→ **TO DO**
Everything from the line with "As the curators" down to the line with "Teemallisessa pub-golfissa osallistuminen" below must be printed exactly, those two lines included. Exclude pictures.

→ **EXTRACTED DATA**

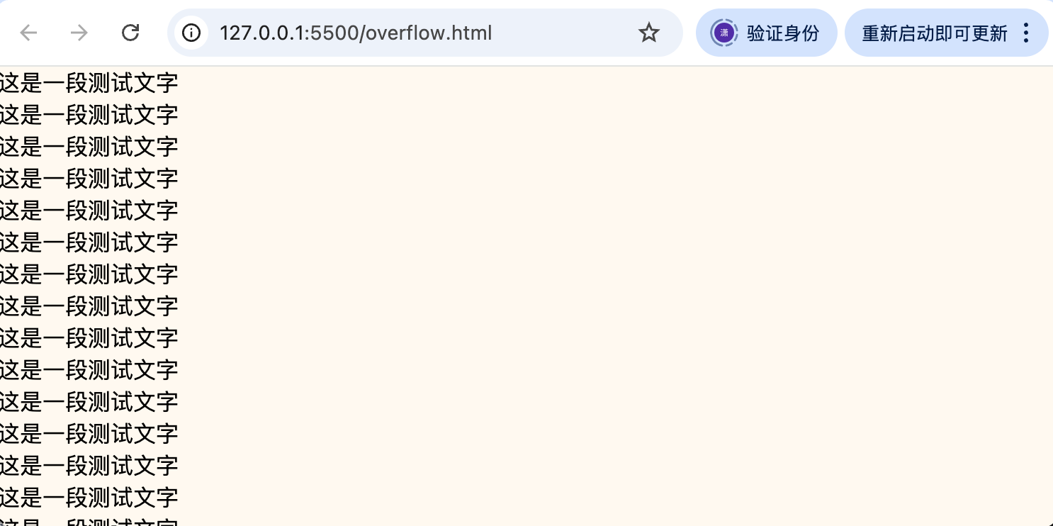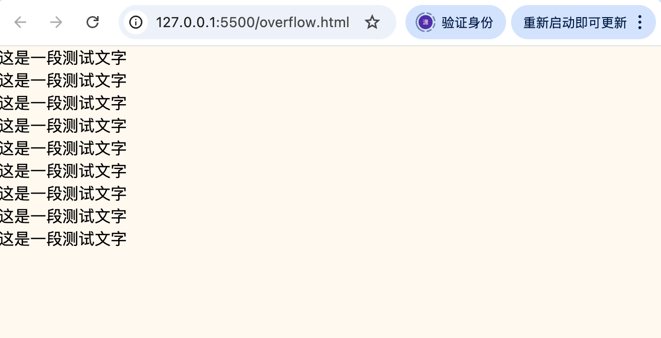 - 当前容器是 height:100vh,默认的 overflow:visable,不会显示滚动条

---

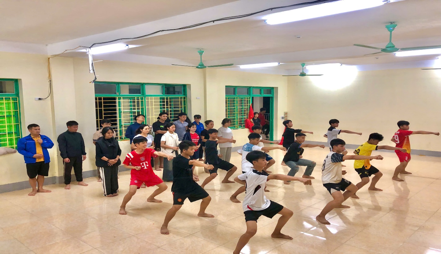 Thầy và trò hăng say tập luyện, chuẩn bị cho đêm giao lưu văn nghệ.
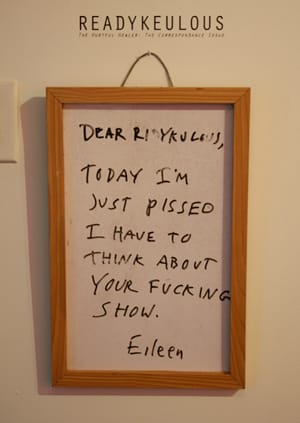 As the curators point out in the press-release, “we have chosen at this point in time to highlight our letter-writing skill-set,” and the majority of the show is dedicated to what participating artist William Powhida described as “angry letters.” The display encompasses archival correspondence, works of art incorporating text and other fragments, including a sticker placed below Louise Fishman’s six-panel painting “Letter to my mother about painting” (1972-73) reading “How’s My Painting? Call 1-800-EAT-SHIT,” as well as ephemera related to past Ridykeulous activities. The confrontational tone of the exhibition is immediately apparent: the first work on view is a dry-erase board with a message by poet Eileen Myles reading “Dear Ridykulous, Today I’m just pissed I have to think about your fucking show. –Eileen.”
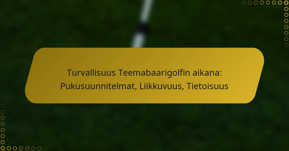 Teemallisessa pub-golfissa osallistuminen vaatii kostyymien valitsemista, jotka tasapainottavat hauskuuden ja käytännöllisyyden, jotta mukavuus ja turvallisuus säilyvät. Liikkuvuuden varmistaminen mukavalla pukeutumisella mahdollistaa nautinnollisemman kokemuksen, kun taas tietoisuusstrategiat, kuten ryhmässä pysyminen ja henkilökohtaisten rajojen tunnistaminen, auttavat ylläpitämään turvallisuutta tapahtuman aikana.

→ **EXPECTED ANSWER**
 As the curators point out in the press-release, “we have chosen at this point in time to highlight our letter-writing skill-set,” and the majority of the show is dedicated to what participating artist William Powhida described as “angry letters.” The display encompasses archival correspondence, works of art incorporating text and other fragments, including a sticker placed below Louise Fishman’s six-panel painting “Letter to my mother about painting” (1972-73) reading “How’s My Painting? Call 1-800-EAT-SHIT,” as well as ephemera related to past Ridykeulous activities. The confrontational tone of the exhibition is immediately apparent: the first work on view is a dry-erase board with a message by poet Eileen Myles reading “Dear Ridykulous, Today I’m just pissed I have to think about your fucking show. –Eileen.”
 Teemallisessa pub-golfissa osallistuminen vaatii kostyymien valitsemista, jotka tasapainottavat hauskuuden ja käytännöllisyyden, jotta mukavuus ja turvallisuus säilyvät. Liikkuvuuden varmistaminen mukavalla pukeutumisella mahdollistaa nautinnollisemman kokemuksen, kun taas tietoisuusstrategiat, kuten ryhmässä pysyminen ja henkilökohtaisten rajojen tunnistaminen, auttavat ylläpitämään turvallisuutta tapahtuman aikana.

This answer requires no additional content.